# Jumping Spider Molting Chamber or Eggsac?



## Spepper (Sep 8, 2014)

Well this jumping spider I caught and assumed was a juvenile P. johnsoni has started constructing this.  At first I thought it was perhaps a molting tent, but it's kinda gotten thicker than other molting tents I've seen.  Is it maybe an adult female P. clarus instead, and constructing an eggsac?  Looking for your experienced eyes to tell me in advance because spiderlings could be problematic... the air holes are big enough the babies could/would waltz right on through. :/  She has been destroying any small bugs I toss in there with relish, which isn't exactly in line with molting.


https://www.flickr.com/photos/114543195@N07/14997166427/https://www.flickr.com/people/114543195@N07/


----------



## aaarg (Sep 8, 2014)

Nope, that's just a retreat!  Every jumping spider I've ever kept in captivity has built one, and I often find jumping spiders that have built them on leaves outdoors.    

Someday an egg sac may appear inside it, though!

Reactions: Like 1


----------



## Spepper (Sep 8, 2014)

Thanks, aaarg.   My jumpers always make them too, but they're usually so thin it looks like the jumper is floating in midair.
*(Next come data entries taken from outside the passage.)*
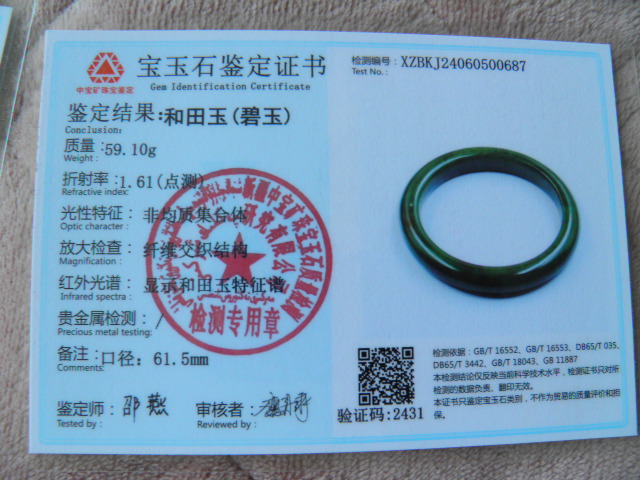 此手镯的鉴定证书照片: |
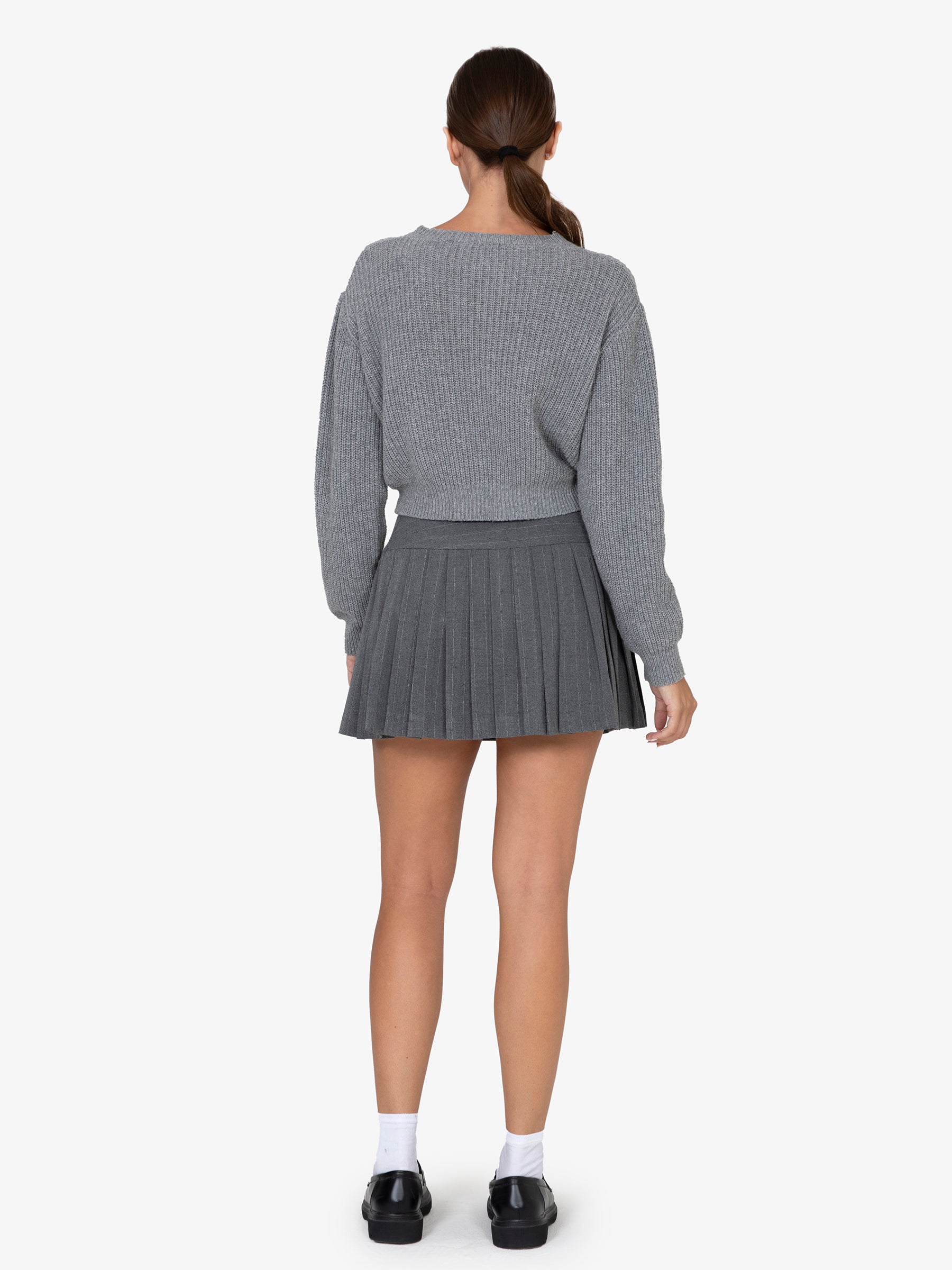 Realizzato interamente in Italia, questo maglione è un esempio di artigianalità e attenzione ai dettagli. La sua silhouette corta e moderna lo rende ideale per valorizzare la figura, mentre la sua eleganza senza tempo lo rende un investimento duraturo nel tuo guardaroba.
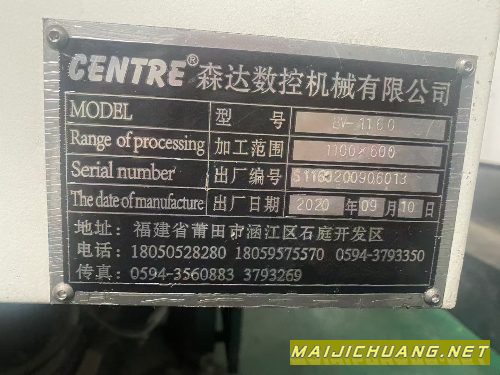 准新机:2020年福建森达1160加工中心,主轴1万转,发那.
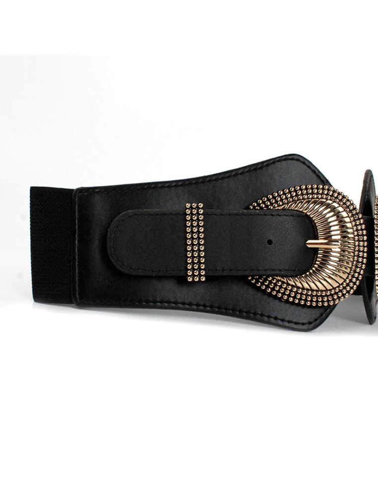 Cinturón Faja elastizada de Pu con hebilla de diseño boho.Medida: 82cm x 10cm.
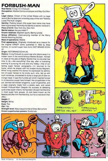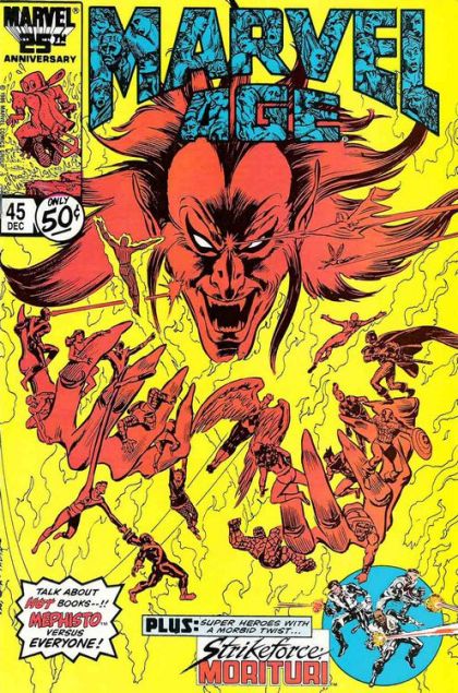 Announcing the Official Marvel Index to the X-Men, with comments from Mike Higgins; The Attention, the Acclaim, the Ultimate Self-Sacrifice - Strikeforce: Morituri, with comments from Peter B. Gillis and Brent Anderson; Star Spotlight: Defenders of the Earth; 2-page Fred Hembeck strip; a look at the Mephisto limited series, with comments from Al Milgrom, Ralph Macchio and John Buscema; Star Spotlight: Inhumanoids; a look at the graphic novel Dracula: A Symphony in Moonlight and Nightmares, with comments from Jon J Muth; Star Spotlight: Popples; The Marvel Age: 1973 (Part I). Mephisto cover by John Buscema & Tom Palmer. Forbush-Man back cover art by Ron Zalme and Wendy Pini. Cover price $0.50
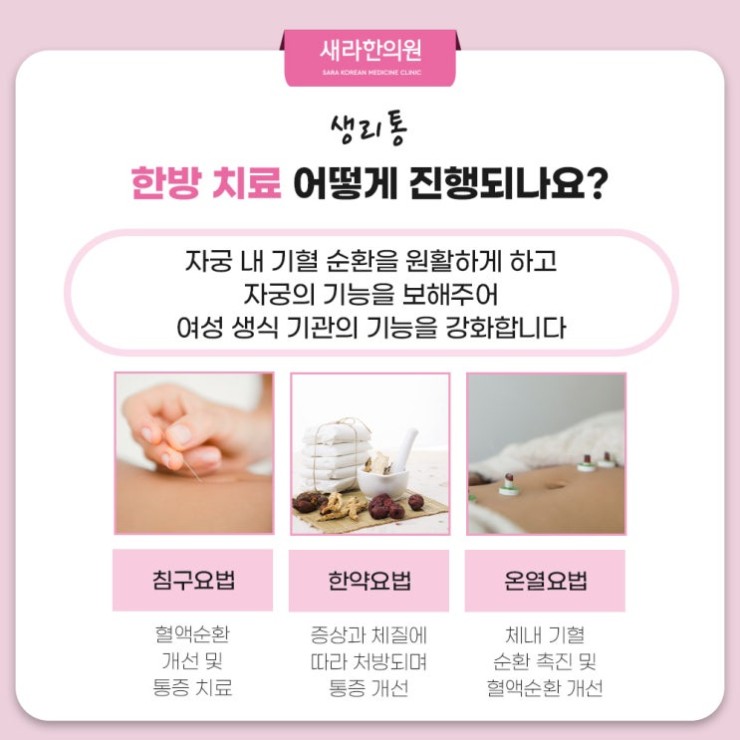 생리통 완화를 위한 대응책으로 많은 여성분이 진통제를 사용하는 경우도 많은데 지속적이고 심한 생리통은 한의학으로 개선할 가능성이 클 수도 있답니다. 관련 질환을 치료하는 저희 한의원으 한약 요법을 중심으로 자궁 내 혈액 순환 촉진, 근육 긴장 완화로 생리통을 줄이는 신방화부인과 치료를 이루는데요. 이와 함께 자궁의 전반적인 건강을 향상시킬 여러 한방 치료를 제공드립니다. 관련 질환을 치료하는 저희 한의원의 치료 접근 방식은 침요법, 약침요법, 온열요법 등의 여러 한의학적 방법을 활용해서 자궁의 혈액 순환을 개선하고 기능 강화에 초점을 맞추는데요. 이런 질환에 대한 한의학 치료법은 여성 생식 기능 증진과 생리통 관련 증상 개선에 도움이 될 수도 있습니다. 생리통이 심하다면 한의학적 접근을 고려해보는 것이 좋은 방법일 수 있답니다.
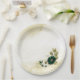 Schöne smaragdgrüne Elfenbein-Blume mit goldenen Blätter botanischen Hochzeitspapier Teller. Die Einzelheiten des Glitzer werden simuliert. Für weitere Informationen klicken Sie bitte auf die obige Sammlung oder kontaktieren Sie mich.
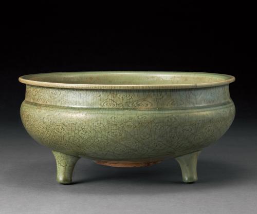 明代龍泉青瓷走向衰弱,器物胎體厚重,制作粗糙,胎色為灰黃,釉層厚,透明度高,釉表光澤強,釉色有青灰、茶葉末、灰黃等幾種,裝飾以釉下刻花為主,亦有模印人物故事的裝飾方法。
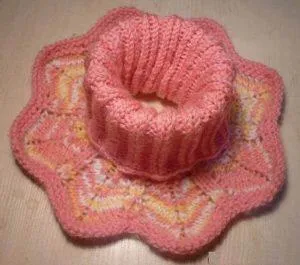 Материалы: 80 грамм пряжи кораллового цвета, 40 грамм меланжевой пряжи в тон, 250 м/100 грамм.
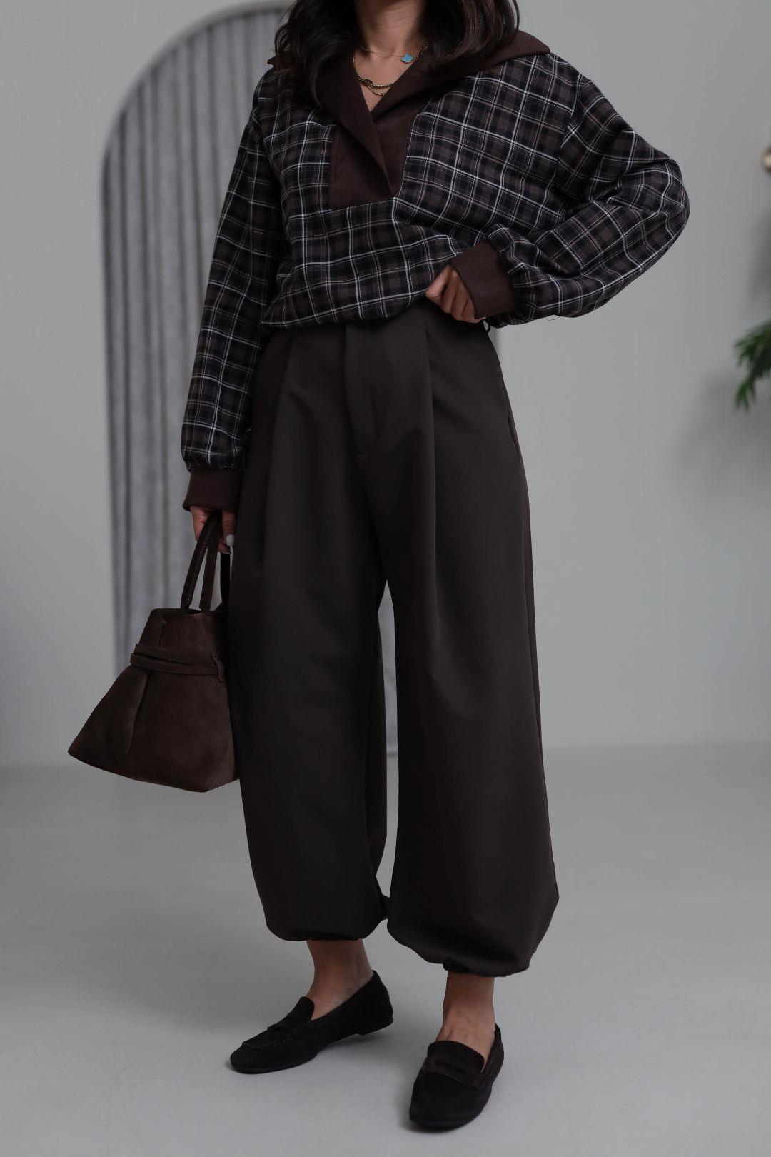 7708 Beli Pensli Paça Lastikli Pantolon ACI KAHVE
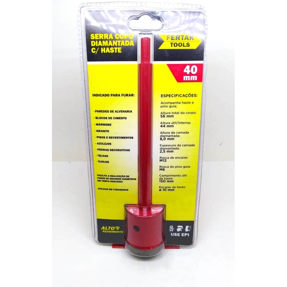 SERRA COPO DIAMANTADA C/HASTE - 40MM
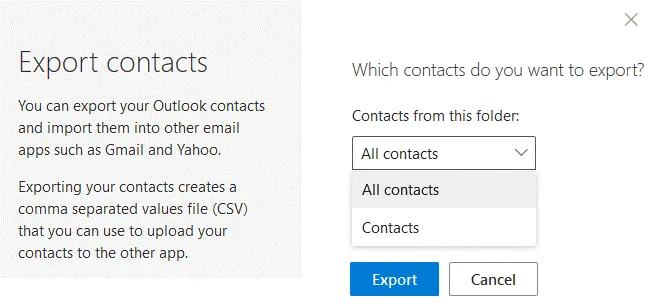En la ventana Exportar contactos, selecciona Todos los contactos y haz clic en Exportar. Los contactos se exportan a un archivo CSV (valores separados por comas) que puede visualizarse en Excel e importarse a clientes de correo electrónico o servicios web de correo electrónico.
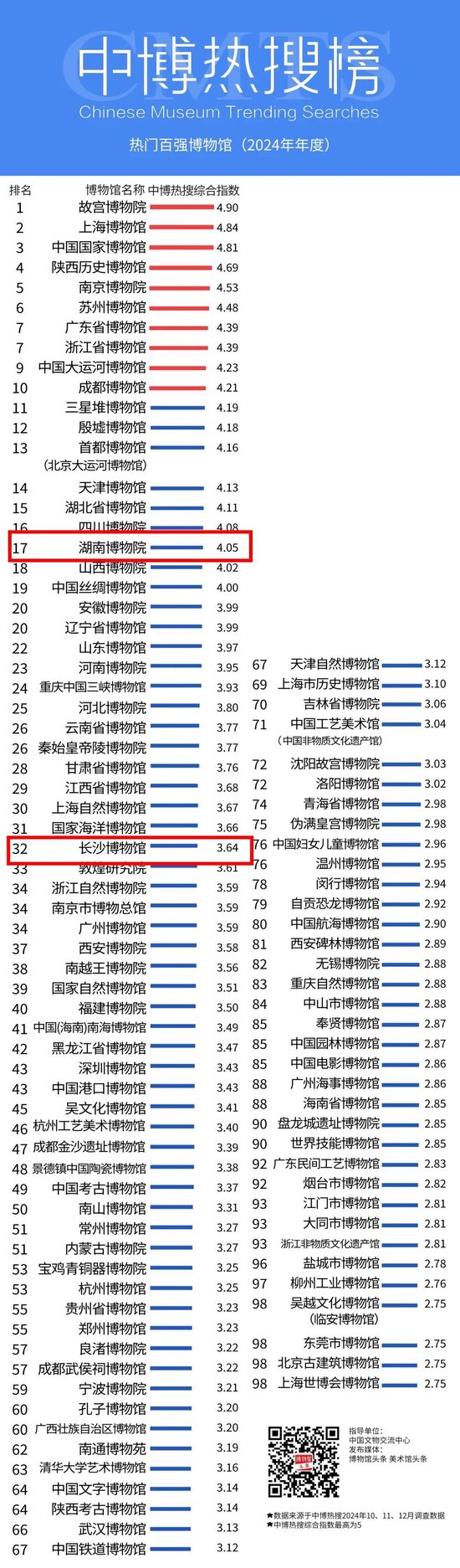 近日,2024年全国博物馆“年度热门百强榜单”正式发布。其中,湖南博物院、长沙博物馆入选。
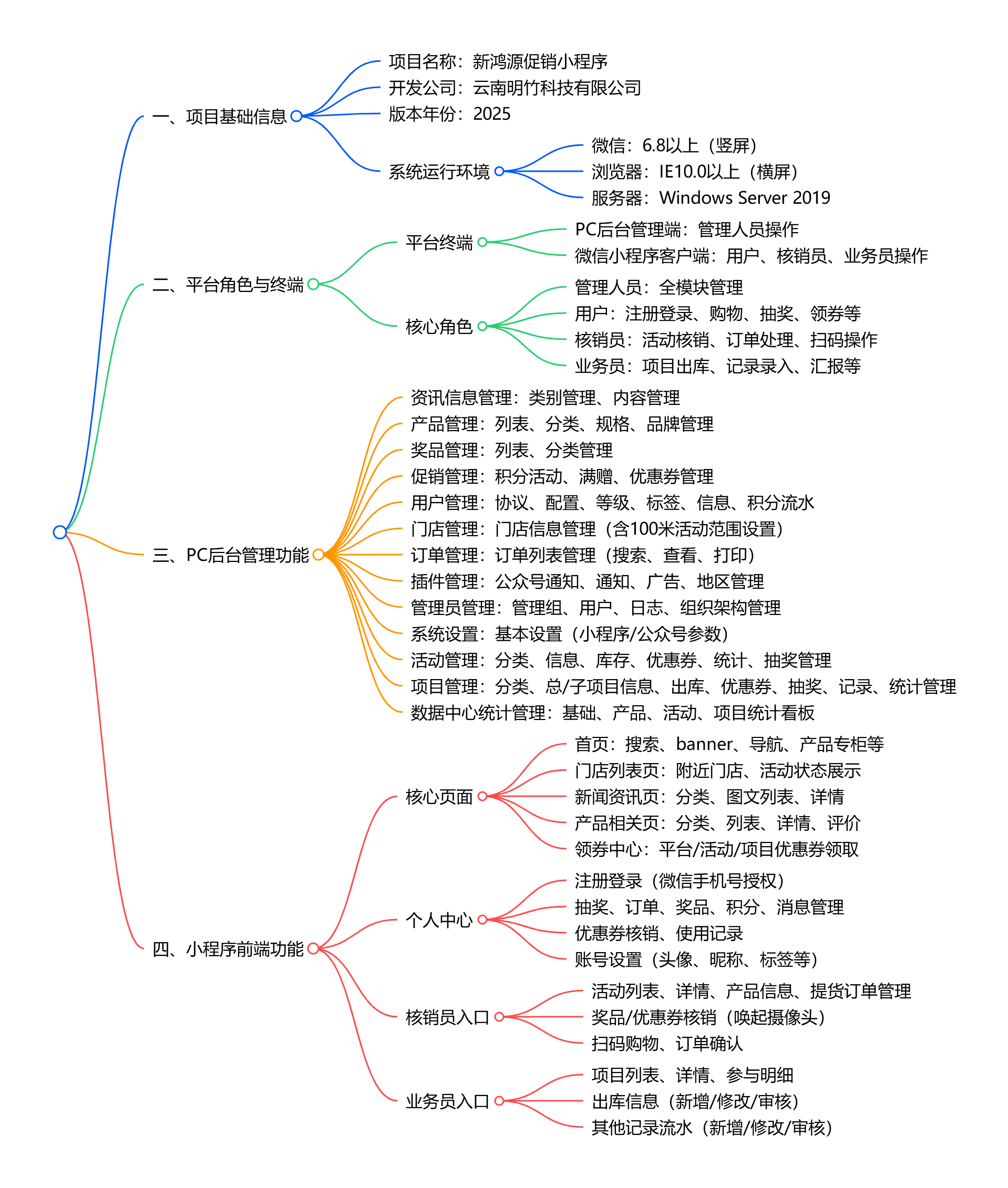 1. 一段话总结《促销小程序 2025 功能方案》明确了由云南明竹科技有限公司开发的小程序核心架构,包含PC 后台管理端与微信小程序客户端,覆盖管理人员、用户、核销员、业务员四类角色,核心功能涵盖资讯 / 产品 / 奖品 / 促销 / 用户 / 门店 / 订单 / 活动 / 项目等多模块管理,以及小程序前端首页、门店、产品、个人中心等场景化操作,支持积分兑换、满赠、抽奖、优惠券核销等促销玩法,系统需适配微信 6.8+、IE10.0 + 浏览器。

LOL  Maybe this one just likes a sturdier home, haha.


----------



## Smokehound714 (Sep 9, 2014)

they will contually add new layers of silk and fix their retreat every day, it will eventually get really thick.

 brood chambers are much larger, generally a dome-shape.

Reactions: Like 1


----------



## Spepper (Sep 9, 2014)

I guess she's quite happy with the location she chose then.  Most of the other jumpers I've kept have usually built 3 or 4 thinner-webbed retreats and used them depending on how I turned the jar.


----------



## Salticstance (Sep 10, 2014)

Juveniles will continue to eat until they become plump. If food is plentiful, they will molt every three to four weeks. This one will probably molt soon.

Reactions: Like 1


----------



## Spepper (Sep 20, 2014)

Well he/she molted this evening after continually thickening their web until all I could see of them was a spider-sized blob inside.    I can't wait to see what it actually turned out to be!  (Since I'm not good with juvenile IDs)  Hopefully female...


----------



## JayDangerVL (Sep 21, 2014)

By the way, if it were an egg sac and you're worried about spiderlings escaping, you could just cover the top with nylon until you could safely relocate them to a better home.

Reactions: Like 1


----------